Here are a few other helpful pointers from the USDA:

  • If your hardiness zone has changed in this edition of the USDA PHZM, it does not mean you should start removing plants from your garden or change what you are growing. What has thrived in your yard will most likely continue to thrive.
  • Remember this is the average coldest night—not the lowest it could go. Gardeners should keep that in mind when selecting plants, especially if they choose to “push” their hardiness zone by growing plants not rated for their zone.
  • Microclimates, which are fine-scale climate variations, can be small heat islands—such as those caused by blacktop and concrete—or cool spots (frost pockets) caused by small hills and valleys. No hardiness zone map can take the place of the detailed knowledge that gardeners learn about their own gardens through hands-on experience.
  • Many species of perennial plants gradually acquire cold hardiness in the fall when they experience shorter days and cooler temperatures. This hardiness is normally lost gradually in late winter as temperatures warm and days become longer. A bout of extremely cold weather early in the fall might injure plants even though the temperatures may not reach the average lowest temperature for your zone. Similarly, exceptionally warm weather in midwinter followed by a sharp change to seasonably cold weather may cause injury to plants as well. Such factors could not be taken into account in the USDA PHZM.
  • All PHZMs should serve as general guides. They are based on the average lowest temperatures, not the lowest ever. Growing plants at the extreme range of the coldest zone where they are adapted means that they could experience a year with a rare, extreme cold snap. Even if it lasts just a day or two, plants that have thrived happily for several years could be lost. Gardeners need to keep that in mind and understand that past weather records cannot provide a guaranteed forecast for future variation in weather.

Other Factors Affecting Plant Survival

Many other environmental factors, in addition to hardiness zones, contribute to the success or failure of plants. Wind, soil type, soil moisture, humidity, pollution, snow, and winter sunshine can greatly affect the survival of plants. The way plants are placed in the landscape, how they are planted, and their size and health might also influence their survival.

  • Light: To thrive, plants need to be planted where they will receive the proper amount of light. For example, plants that require partial shade that are at the limits of hardiness in your area might be injured by too much sun during the winter because it might cause rapid changes in the plant’s internal temperature.
  • Soil moisture: Plants have different requirements for soil moisture, and this might vary seasonally. Plants that might otherwise be hardy in your zone might be injured if soil moisture is too dry in late autumn and they enter dormancy while suffering moisture stress.
  • Temperature: Plants grow best within a range of optimal temperatures, both cold and hot.

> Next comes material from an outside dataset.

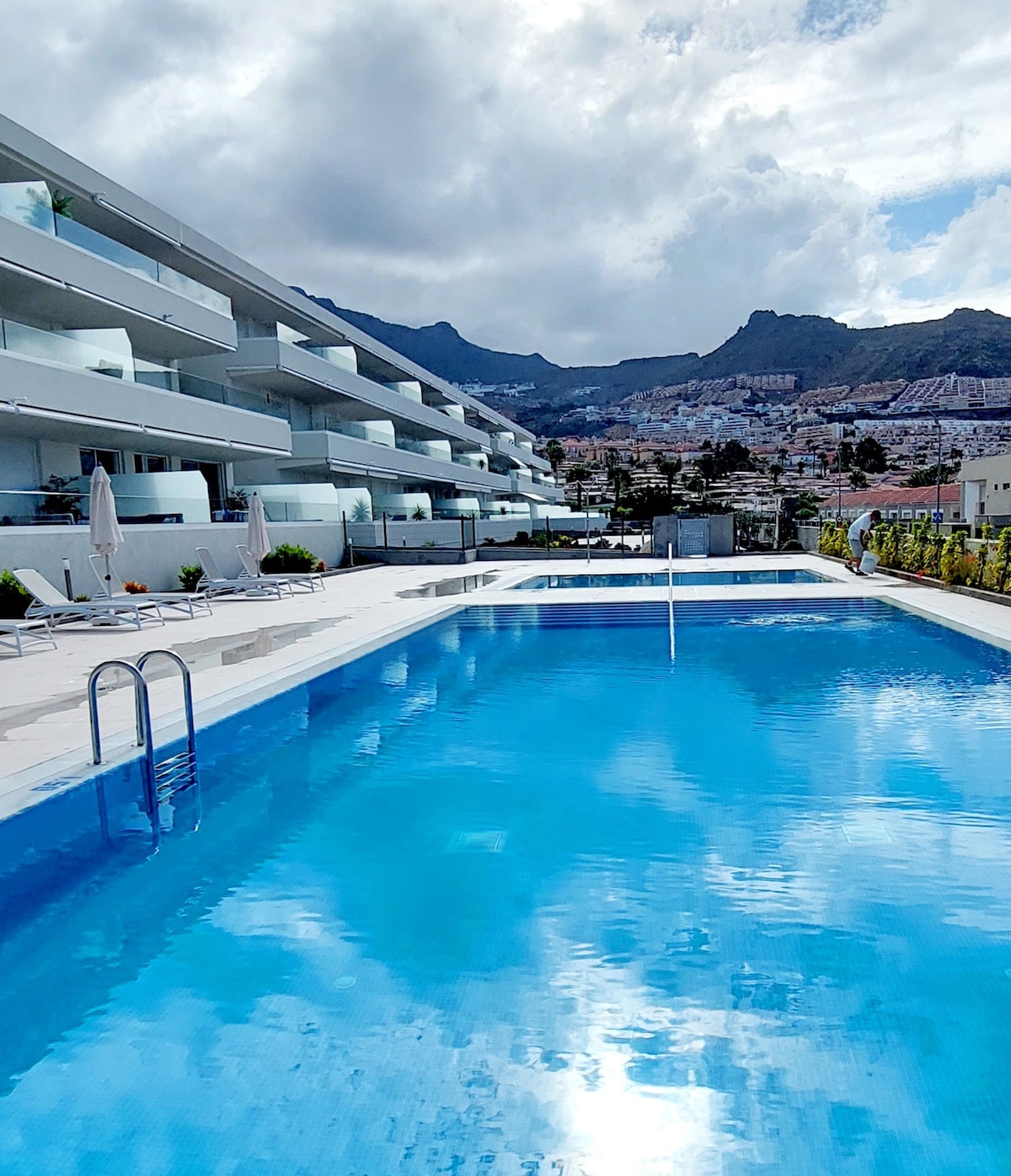 MODERN 138 m2, 3 habitaciones, 5 camas, 2 baños. Construido en 2023. Terraza soleada todo el año de 40 m2. Aire acondicionado, Internet rápido WiFi 600 Mb, dos TV 75 y 55, dos piscinas climatizadas, parking individual en garaje. La mejor playa de El Duque está a 20 minutos a pie o 5 minutos en coche. Cerca del centro comercial X SUR y de todos los servicios como bares, restaurantes. A pesar de su proximidad al centro de Costa Adeje, es una zona tranquila. Un lugar ideal para familias y parejas.

That range may be wide for some varieties and species but narrow for others.
  • Duration of exposure to cold: Many plants that can survive a short period of exposure to cold may not tolerate longer periods of cold weather.
  • Humidity: High relative humidity limits cold damage by reducing moisture loss from leaves, branches, and buds. Cold injury can be more severe if the humidity is low, especially for evergreens.